Porque a violência doméstica e outros tipos de violência contra a mulher ainda são temas discutidos atualmente?
Um tema recorrente em publicações
cientifica e também em diversos meios midiáticos, a violência contra mulher
continua seguindo em destaque na atualidade. Essa forma de violência é fruto de uma construção de décadas e que
continua a deixar suas marcas no século XXI. O ciclo da violência parece não
ter um fim e quando o país avança através de Leis e politicas públicas voltadas
ao combate desse tipo de violência, maiores são os números de vítimas,
principalmente nos dois últimos anos, período da pandemia do novo Corona vírus
(COVID 19). O contexto de pandemia levou muitas mulheres a permanecerem em casa
e com isso mais frequentemente com seus agressores.

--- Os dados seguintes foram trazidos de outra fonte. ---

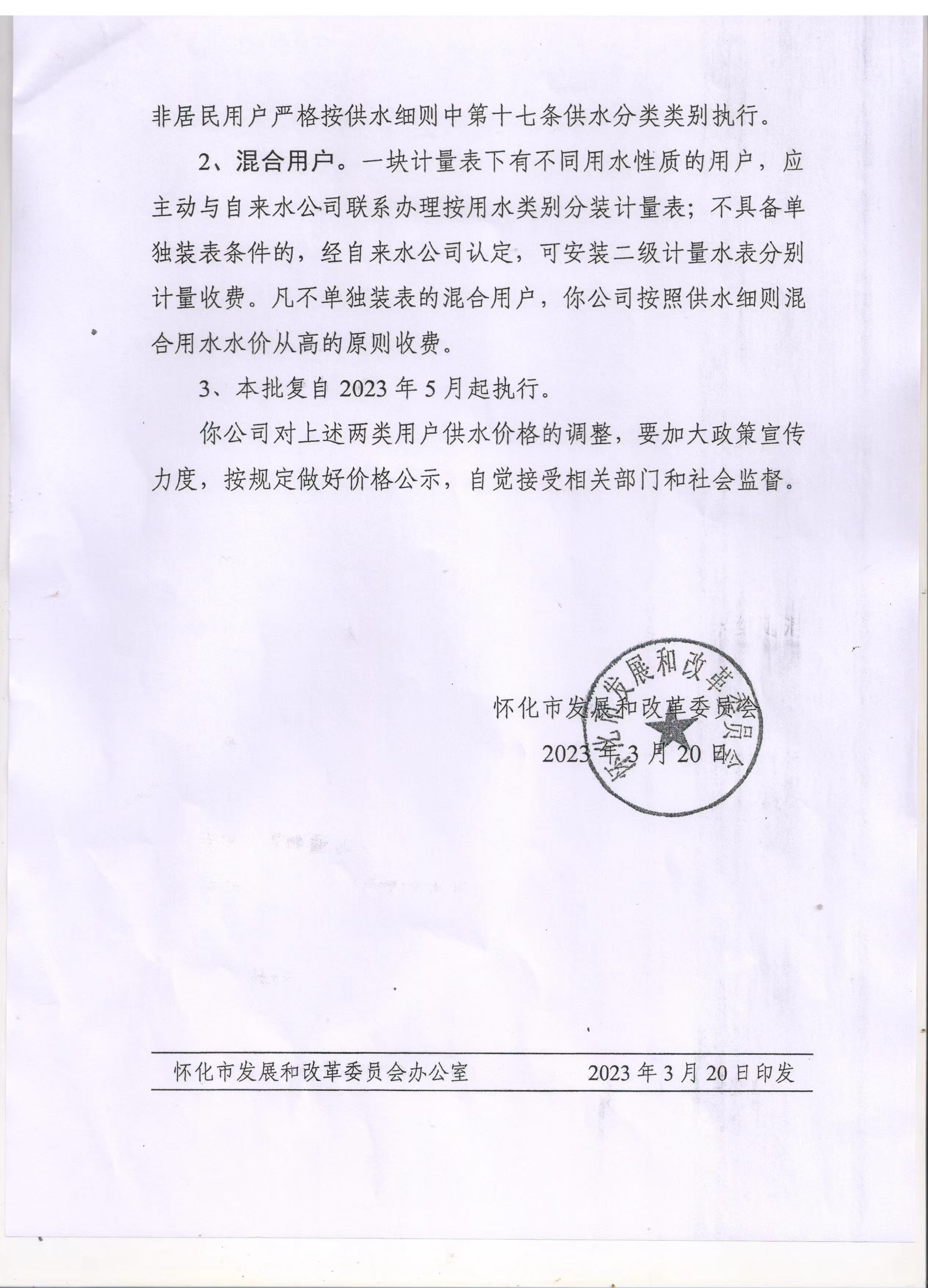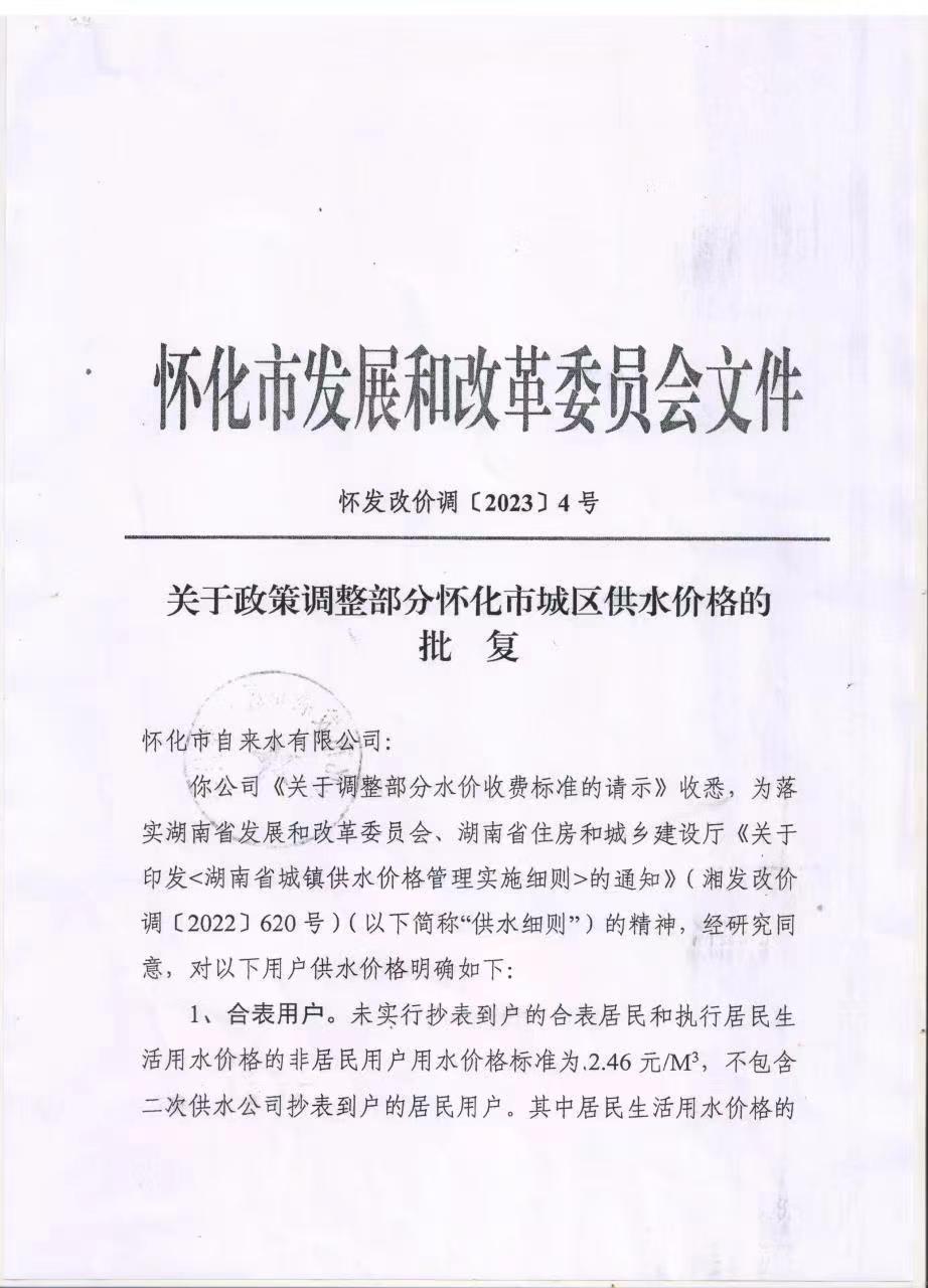 懷化市自來水有限公司—關(guān)于政策調(diào)整部分懷化市城區(qū)供水價(jià)格的批復(fù)
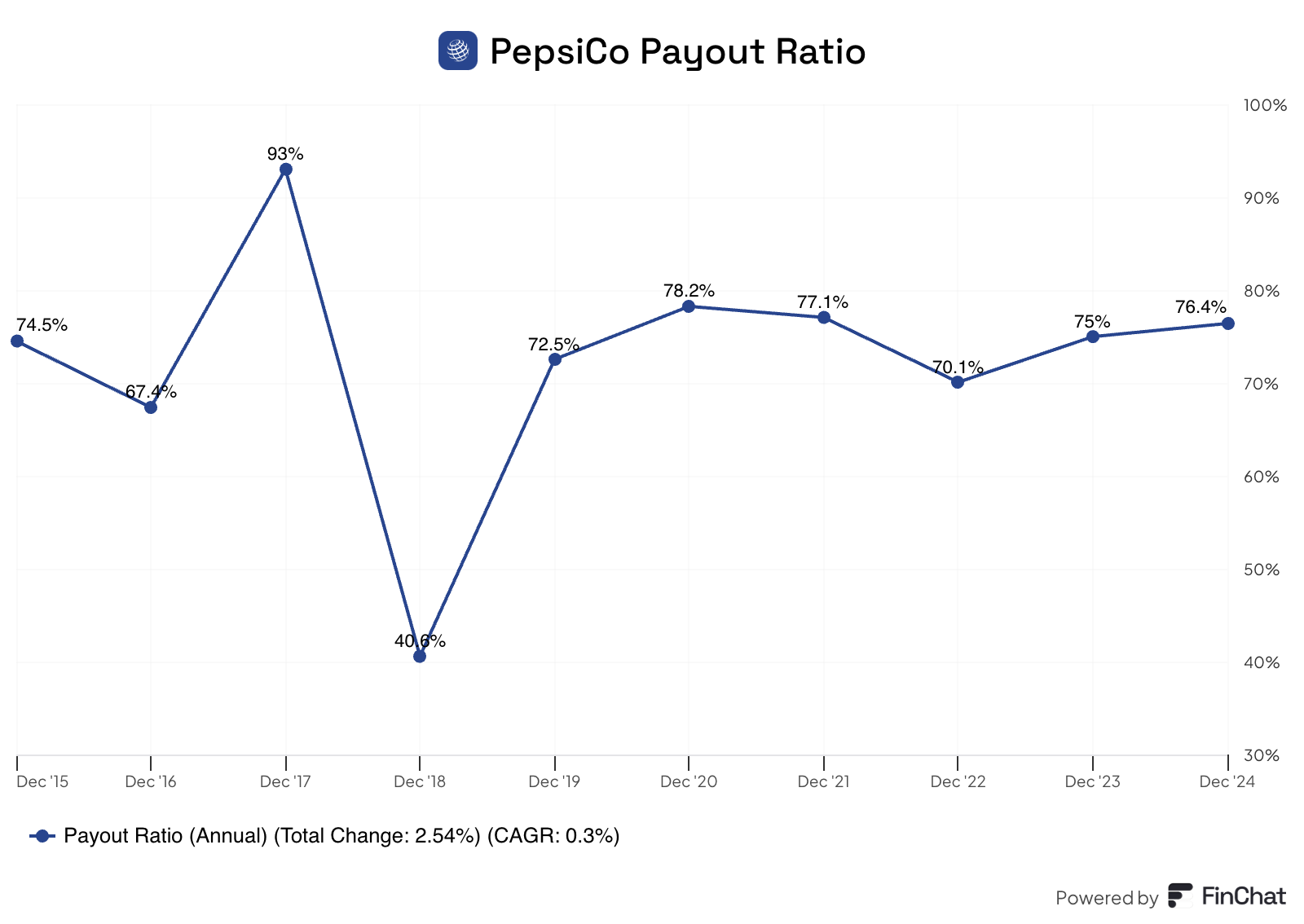 Pepsi already pays out more than 70% of its earnings as dividends. That doesn’t leave much room for growth of the dividend or reinvestment.
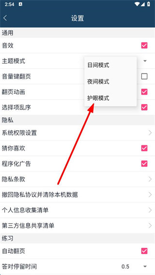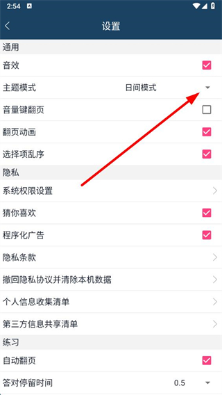 3、在设置界面中,找到主题模式选项,点击其右侧的下拉箭头。
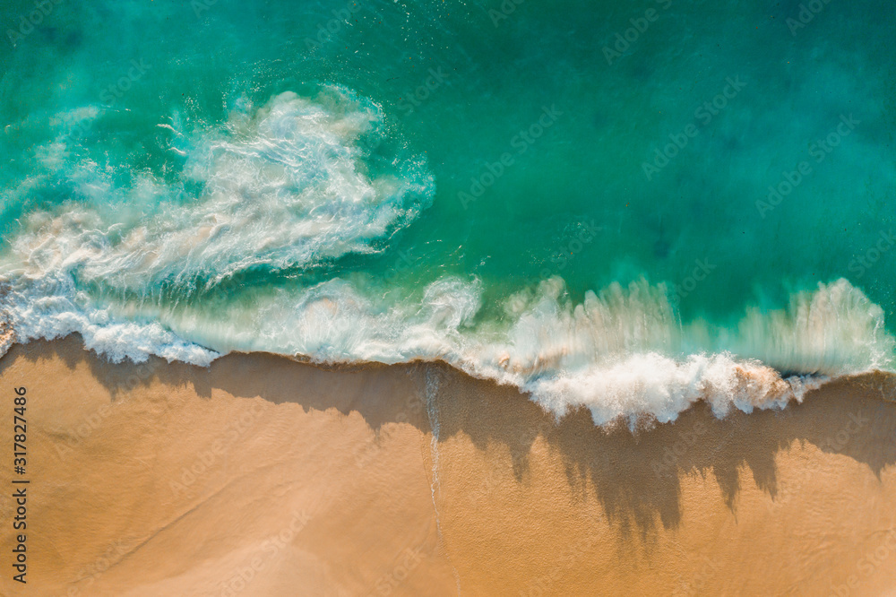 Fototapeta Fantastic drone view azure water ocean golden beach Kelingking Beach Nusa Penida Bali Indonesia
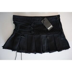 Darker Wavs x Dolls Kill ADW21240 Women's Sz XS Black Pleated Denim Mini Skirt

A figura feminina, em momentos
históricos anteriores ao contexto recente, sofriam restrições como falta do
poder de decisão sobre casamento, trabalho ou qualquer outro tipo de liberdade,
incluindo sobre o próprio corpo.
Oprimidas por questões relacionadas à sexualidade, privadas do direito a
herança em algumas sociedades antigas e, sobretudo de outros direitos como
voto, trabalho, foram por muito tempo e em diversas culturas consideradas
incapaz de tomarem decisões pessoais.
E foi dentro desse contexto de
desigualdade que homens e mulheres foram assumindo papéis diferentes dentro da
sociedade, em que a mulher deveria se preparar para cuidar da casa e dos filhos
e o trabalho externo seria de responsabilidade masculina. Essa desigualdade de gênero construída há
séculos e perpetuada por gerações e tornou-se o principal combustível que
alimenta a violência doméstica. Alguns homens, criados dentro da visão
patriarcal e machistas, ignora direitos e liberdade adquiridos pelas mulheres
ao longo de muitas lutas. Liberdade que mulheres ganharam de se vestir, de
saírem de casa e exercerem uma atividade profissional, de tomarem decisões
individualmente e de forma coletiva.
A temática da violência doméstica
continua sendo pauta de destaque, sobretudo devido a uma série de fatores
ligados principalmente à cultura no qual toda sociedade está inserida. Uma
cultura de opressão as escolhas das mulheres, a liberdade e ao poder de decidir,
poder esse conquistado ao longo de muitas lutas. As Leis existentes em nosso ordenamento
jurídico, como a Lei Maria da Penha (Lei n° 11.340/2006) e Lei 13.104/2015 (Lei
do Feminicídio) são instrumentos, assim como outros, que desde sua origem
buscam combater a impunidade as práticas de violência que ainda são
disseminadas em nossa sociedade.
Para que o tema violência
doméstica deixe de ser pauta central em muitas discussões, é preciso construir
hoje o alicerce entre as atuais e futuras gerações, para que cresçam
respeitando as mulheres como sujeitos históricos e detentores de direitos
individuais e coletivos. Formação de uma cultura que não reproduza mais
o machismo tem que iniciar nas casas, nas escolas, nas instituições públicas e
privadas e nos mais diversos espações coletivos e que o publico seja capaz de
entender a importância dessa transformação.